Final and virtual are two different aspects. It becomes relevant in the override versus overload context. A virtual qualifier implies Run Time Type Inference. A non-virtual implies compile type type inference. When there is overloading involved, and type promotion/conversion involved a non-virtual type can lead to interesting results. Typically though you are encouraged not to write that kind of code.
Trass3r about 11 years

Well final methods in interfaces would be an example of a final method in a "base" class. Also 'final' yields an error or at least a warning if somebody defines a function with the same name in a subclass.

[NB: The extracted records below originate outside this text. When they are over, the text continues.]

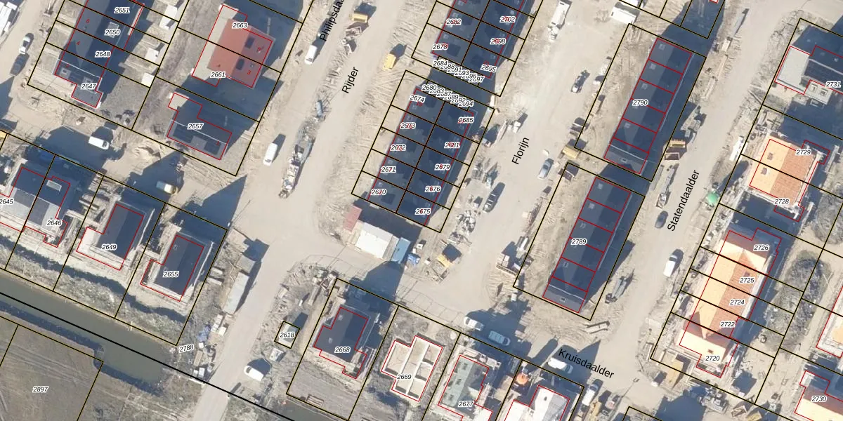 Het perceel waarop Florijn 1 staat heeft een oppervlakte van 68 m². Dit is een klein perceel. De perceeloppervlakte wordt geregistreerd door het Kadaster. Gedetailleerde informatie over de maten van dit perceel kunt u vinden in het rapport Kadastrale kaart met maatvoering van Florijn 1.
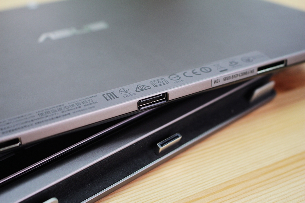 T100HA 底部有三個孔洞,這是為了與鍵盤配件連接而設計的,左右兩側是帶有磁力的固定釦,中間則是鍵盤與平板之間連線的接頭位置。
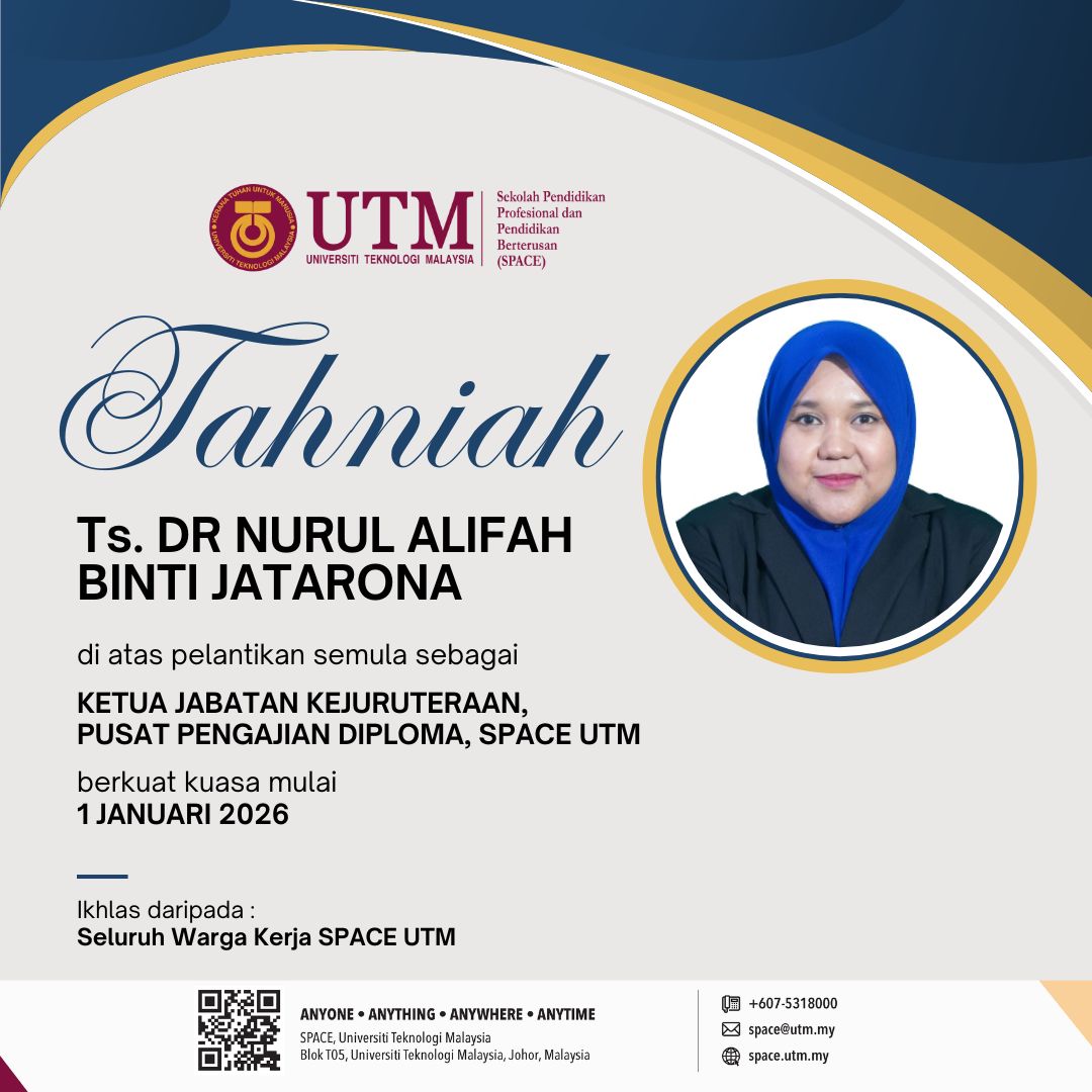 Warga SPACE UTM ingin merakamkan setinggi-tinggi ucapan tahniah kepada Ts. Dr. Nurul Alifah binti Jatarona di atas pelantikan semula sebagai Ketua Jabatan Kejuruteraan, Pusat Pengajian Diploma SPACE UTM bermula 1 Januari 2026. Semoga Tuan dapat menyumbang idea serta tenaga dengan penuh dedikasi demi memajukan SPACE UTM. Tahniah diucapkan.
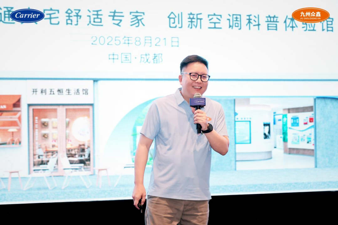 作為東道主,九州眾鑫集團董事長王連鋒先生以一位深耕行業多年的“老兵”視角,分享了其逆勢投入的思考與信念。在開利空調123周年的歷史性時刻,他選擇在成都打造這樣一個空調科普體驗館,以期為行業與社會創造長期價值。他特別感謝開利集團及各品牌方的支持,并表示九州始終秉持長期主義,致力于為美好生活而奮斗。他堅信“危險中有機遇”,將攜手團隊勇于創新、堅定前行,持續為行業與社會貢獻力量。
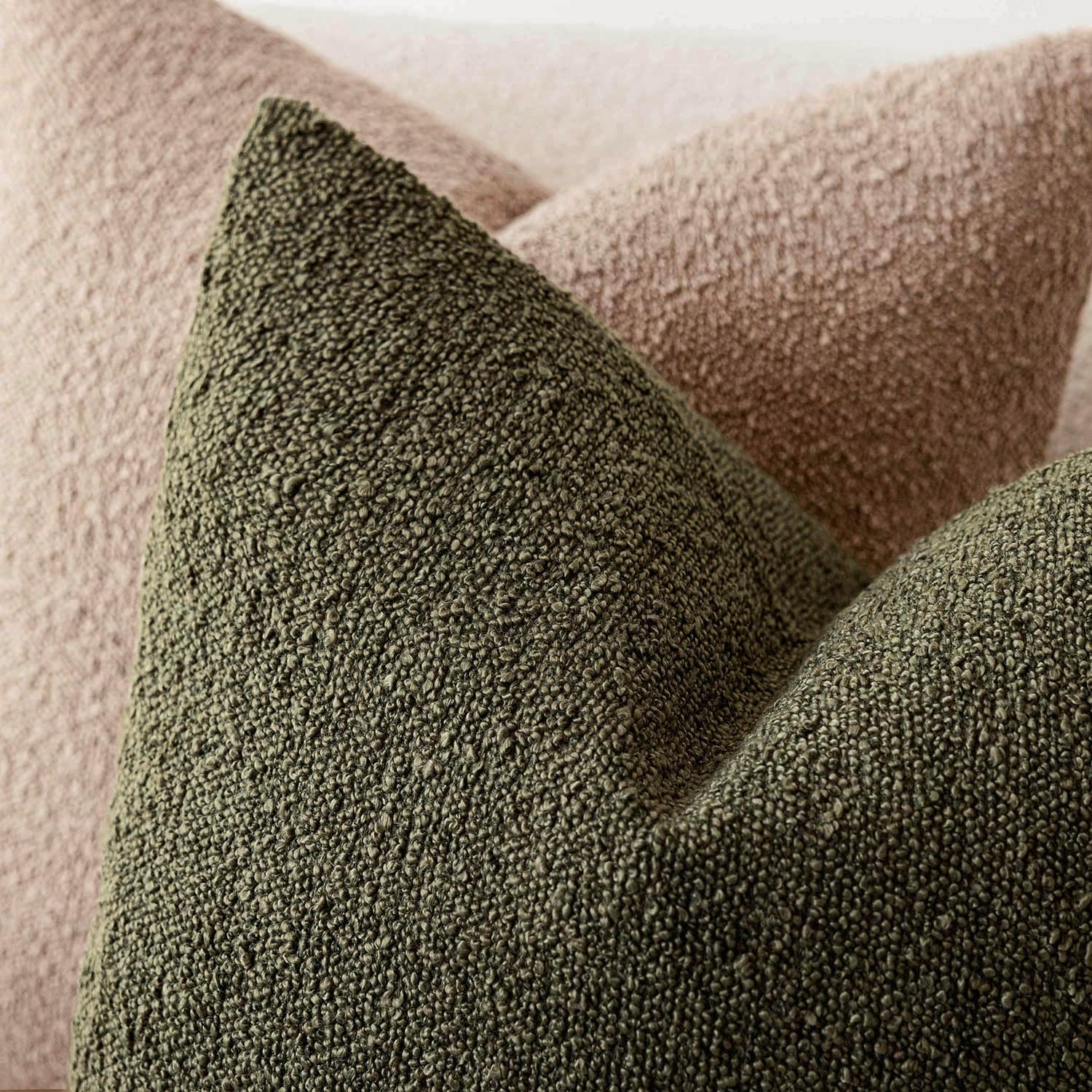 Foindtower Pack of 2 Modern Textured Boucle Throw Pillow Covers Accent Solid Decorative Pillow Cases Cozy Woven Couch Cushion Case for Chair Sofa Bedroom Living Room Home Decor 20x20 Inch Moss Green
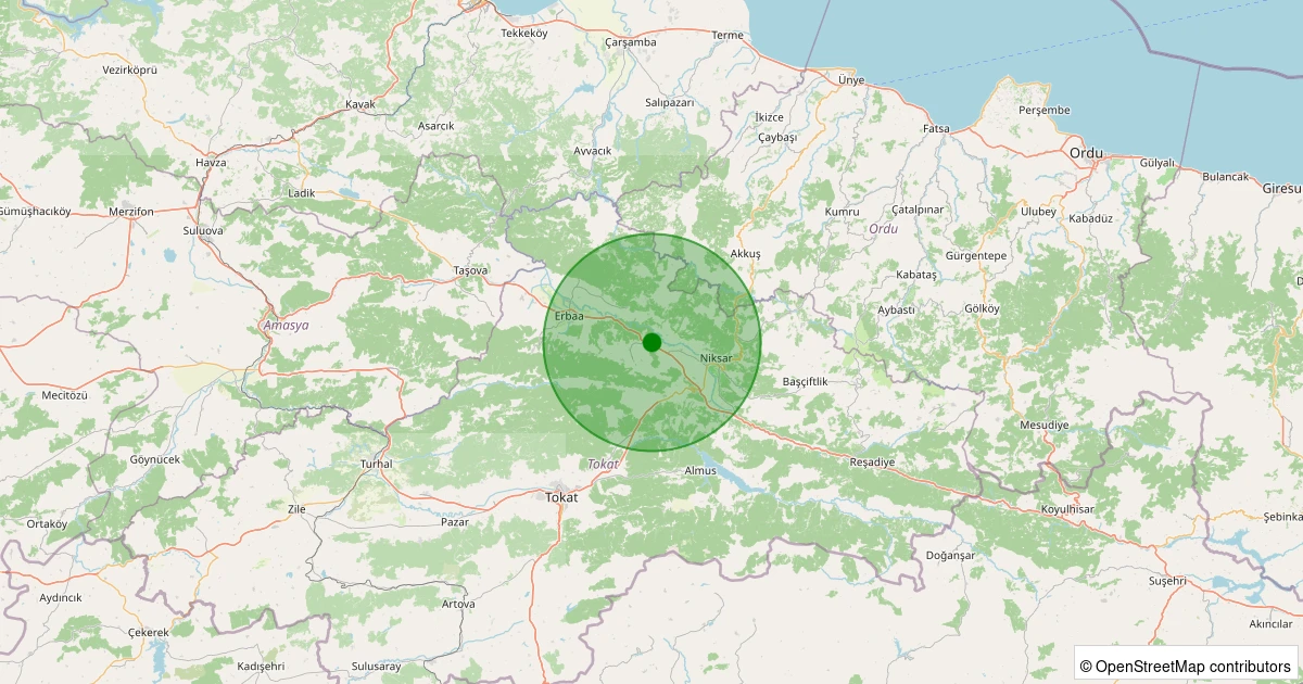 Son 7 gün içinde Niksar - Kümbetli Köyü noktasından 100 km yarıçap içerisinde meydana gelen diğer depremler:
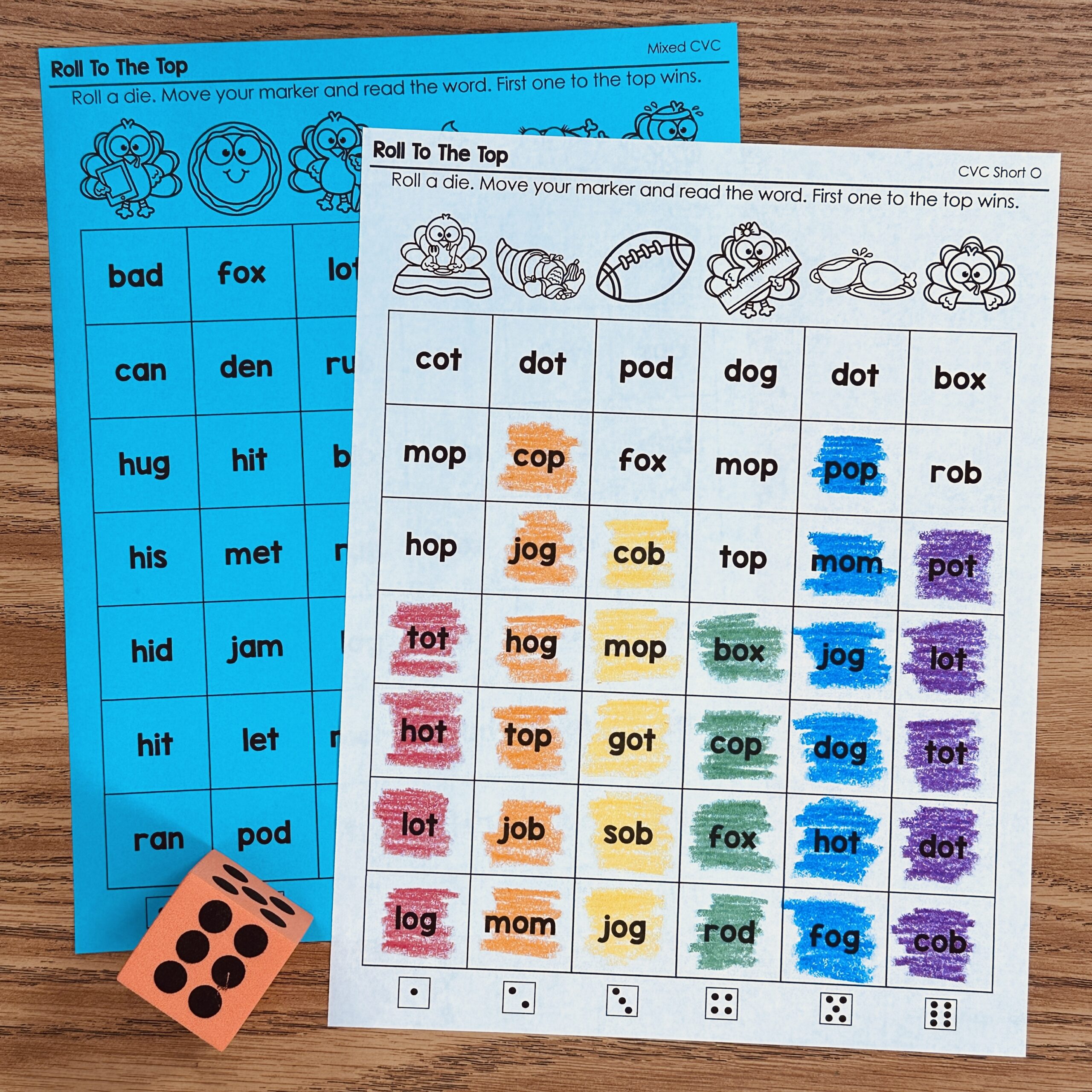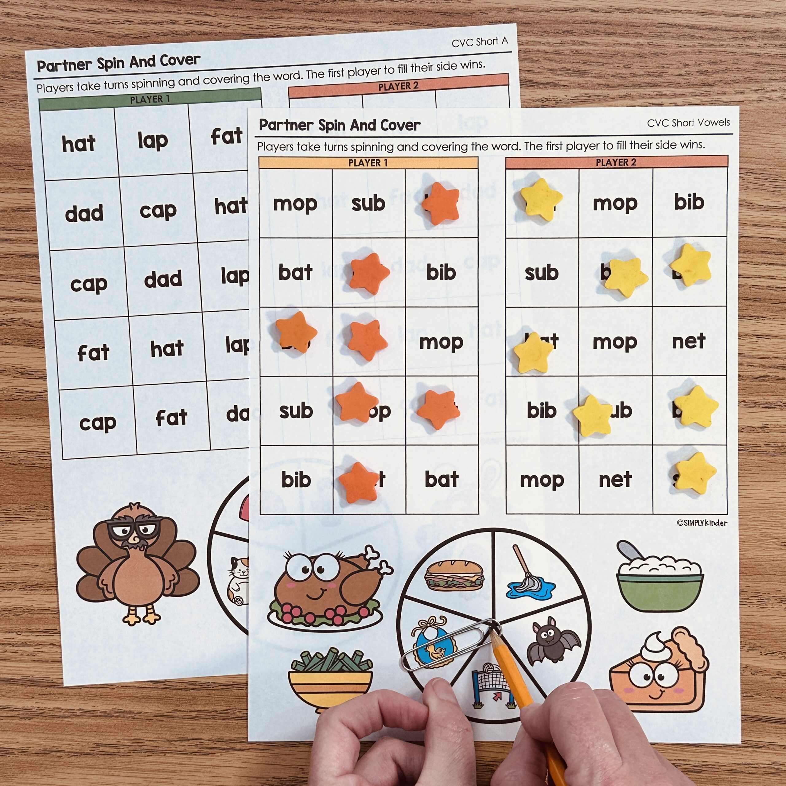 This is a set of Spin And Cover Games for CVC practice all with the Thanksgiving theme! Students will roll a dice, move that many spaces, and read and cover that word.
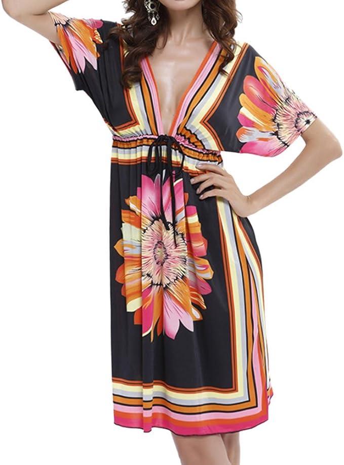 Lopily Lose Tunika Blusenkleider Damen Sommer Floral Print Plisse Strandkleid Kleider Stretch Falten Blume Gedruckt Sommerkleider Knielang Blusenkleid T Shirt Kleid Amazon De Bekleidung
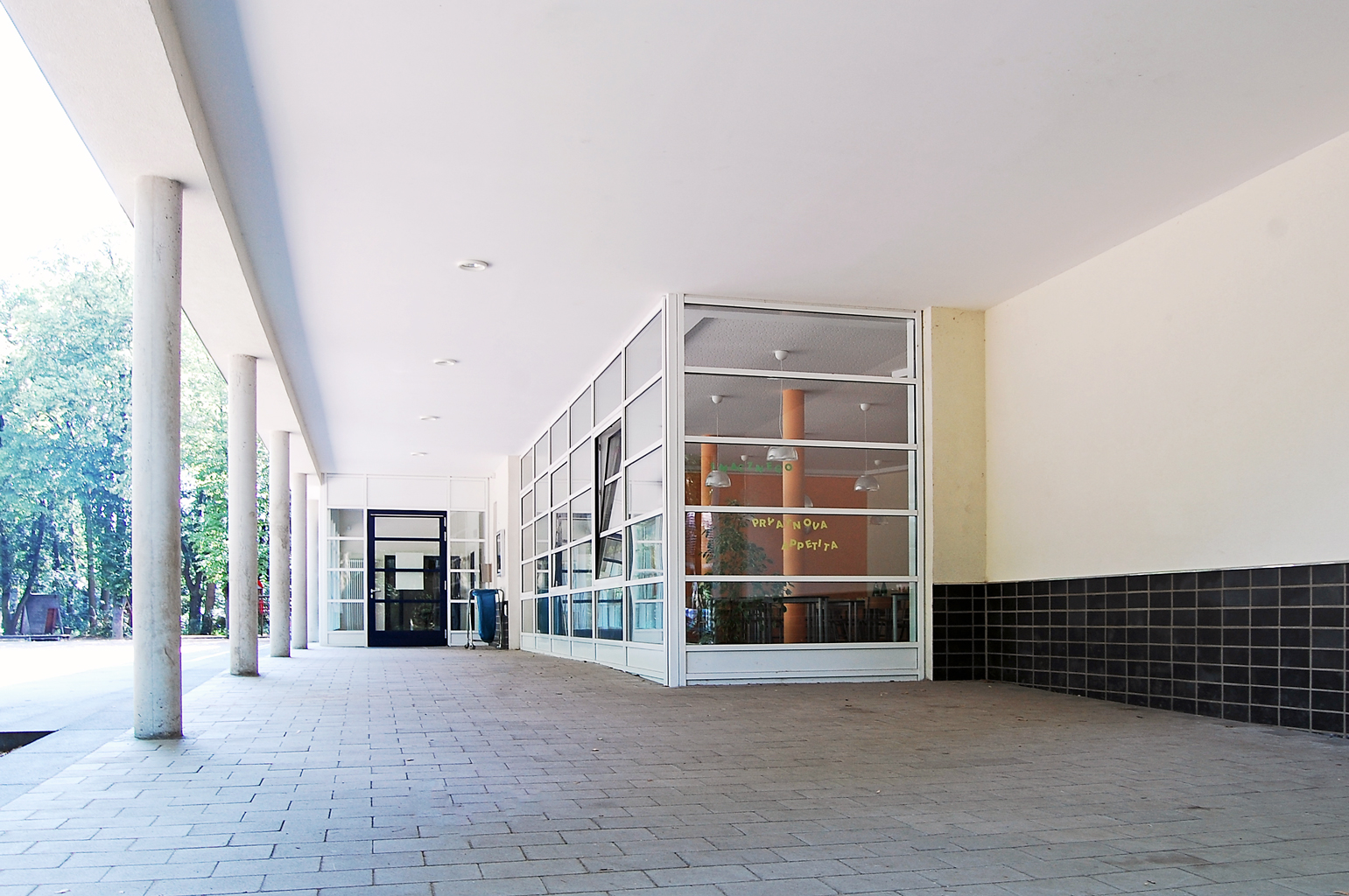 An der Stelle des alten eingeschossigen Verwaltungsteils entsteht nun ein zweigeschossiger Baukörper, der neben den Räumen für die offene Ganztagsschule mit Küche und Speiseraum auch Die Verwaltung beherbergen wird. Die Einbindung dieses Neubauteils in das alte zusammen gewürfelte Ensamble stellte erhöhte Anforderungen. So galt es die neuen Funktionen ebenso wie die behindertengerechte Ausbildung des Objektes mit der räumlichen Gestaltung in Einklang zu bringen.
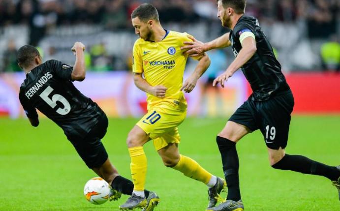 Das Team von Trainer Adi Hütter verspielte im Halbfinal-Hinspiel gegen den großen Favoriten FC Chelsea zwar seine Führung, hat nach dem 1:1 (1:1) im Duell mit dem früheren Champions-League-Sieger aber noch alle Chancen auf das Endspiel in Baku. Im ersten Europapokal-Halbfinale der Eintracht seit 39 Jahren brachte Luka Jovic (23. Minute) die Hessen in Führung, bevor dem Spanier Pedro vor 48.000 Zuschauern in der ausverkauften Frankfurter Arena kurz vor der Halbzeit (45.) der Ausgleich gelang. Im zweiten Durchgang drückte Chelsea auf weitere Tore, doch die Eintracht verteidigte mit Glück und Geschick das Remis.
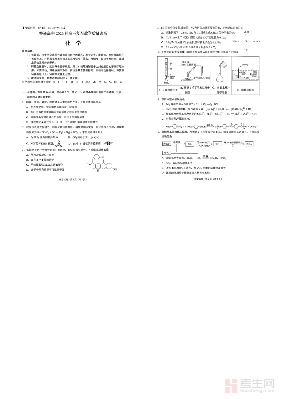 此试卷主要适用于2026届昆明市高三在读学生,特别是处于二轮复习阶段的学生进行自我评估与备考训练,通过完成该试卷,学生可有效检验近期化学知识的掌握程度与应用水平,为后续的针对性复习与备考规划提供数据支撑,进一步强化自身的化学学科核心素养,为市级统测及高考做好充分准备。
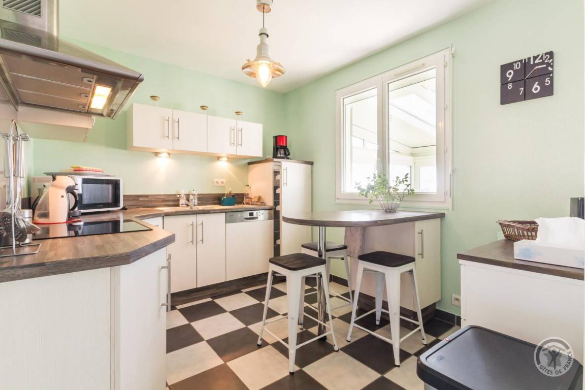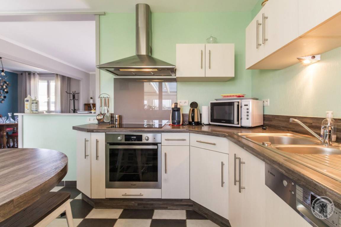 Freistehendes Haus. Wohnzimmer (TV, Glasfaser-Internet, Elektrokamin, Gesellschaftsspiele). Küche (Induktionskochfeld, Elektroherd, Dunstabzugshaube, Mikrowelle, Dolce Gusto Espressomaschine, Geschirrspüler, Gefrierfach). Südwestlich ausgerichtete Veranda. Schlafzimmer 1 (Doppelbett 140x190 cm). Schlafzimmer 2 (zwei Einzelbetten 90x190 cm). Duschbad (Waschbecken, ebenerdige Dusche, beheizter Handtuchhalter). Separates WC. Keller (Waschmaschine, Spülbecken, ideal zum Abwaschen nach Strand- oder Angelausflügen, Gasherd, Gefrierschrank). Außenbereich: Auffahrt mit zwei Stellplätzen (kein Zugang zum Keller). Eingezäuntes Grundstück. Privater Garten. Terrassen zur Straße und zum Garten. Kleiner Fischteich. Kostenlose öffentliche Parkplätze 20 m entfernt. Ölzentralheizung inklusive. Alle Nebenkosten inklusive. Bettwäsche, Handtücher und Küchenwäsche werden gestellt. Betten sind bei Ankunft bezogen. Endreinigung inklusive. Babyausstattung (Reisebett, Hochstuhl) auf Anfrage erhältlich. Bitte b
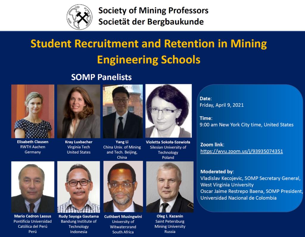 国际矿业教授协会(Society of Mining Professors, SOMP)是代表全球矿业科技工作者的公益性学术组织,主要目标是创新发展科学技术和专业知识以促进全球矿产资源可持续开发利用,并促进成员之间的技术交流、帮助建立研究和教育伙伴关系以及开展其他合作活动。

The question is if compilers immediately devirtualize such a case.
bames53 about 11 years

@Trass3r It would not be possible to implement a final interface method, because implementing an interface method in C++ requires overriding. Such an unimplementable interface would not be useful.
Trass3r about 11 years

Yes, that's why you implement it in the interface.
bames53 about 11 years

@Trass3r Ah, I see what you're saying. However I don't think this works very well; it doesn't prevent hiding because you can still declare functions of the same name but different signatures in derived classes (and such functions can use default arguments to have effectively the same signature, and there's usually a warning about hiding anyway) and secondly you can only override virtual functions so just not marking the base function virtual would prevent overriding. Finally, using virtual this way seems like obfuscation to me.
sasha.sochka almost 11 years

Why would you want to generate a vtable if compiler doesn't?
Mark Ransom about 10 years

@sasha.sochka I think for example that dynamic_cast won't work without one. But the usual way to ensure a vtable is to make the destructor virtual.
idbrii almost 10 years

@bames53: I doubted your comment about functions using default arguments to have effectively the same signature, but you're right. Also, virtual is required to use final.
Troyseph over 9 years

This answer actually explains everything instead of simply stating that "otherwise it would be wrong" or "because it is an example", imho this should be accepted as the answer to this question.
Antonio about 2 years

virtual final for a base class method has a use case stackoverflow.com/a/44153376/2436175
bames53 about 2 years

@Antonio It doesn't actually prevent hiding. E.g. I can still do this. Using virtual final for this purpose seems janky and I don't think I'd recommend trying it.
Antonio about 2 years

@bames53 The thing is open to debate (there's some consensus on the answer I linked previously), the example you make with the default parameter is a bit extreme, plausible but we can safely say virtual final will cover 90% of the errors. Furthermore, by marking as virtual final a function in the base class we make a clear statement for the developer deriving that class. A bad developer then can always break things. :) I personally use virtual final when I have a base class where most of the members are pure virtual, and I want to warn the developer not to override one specific method.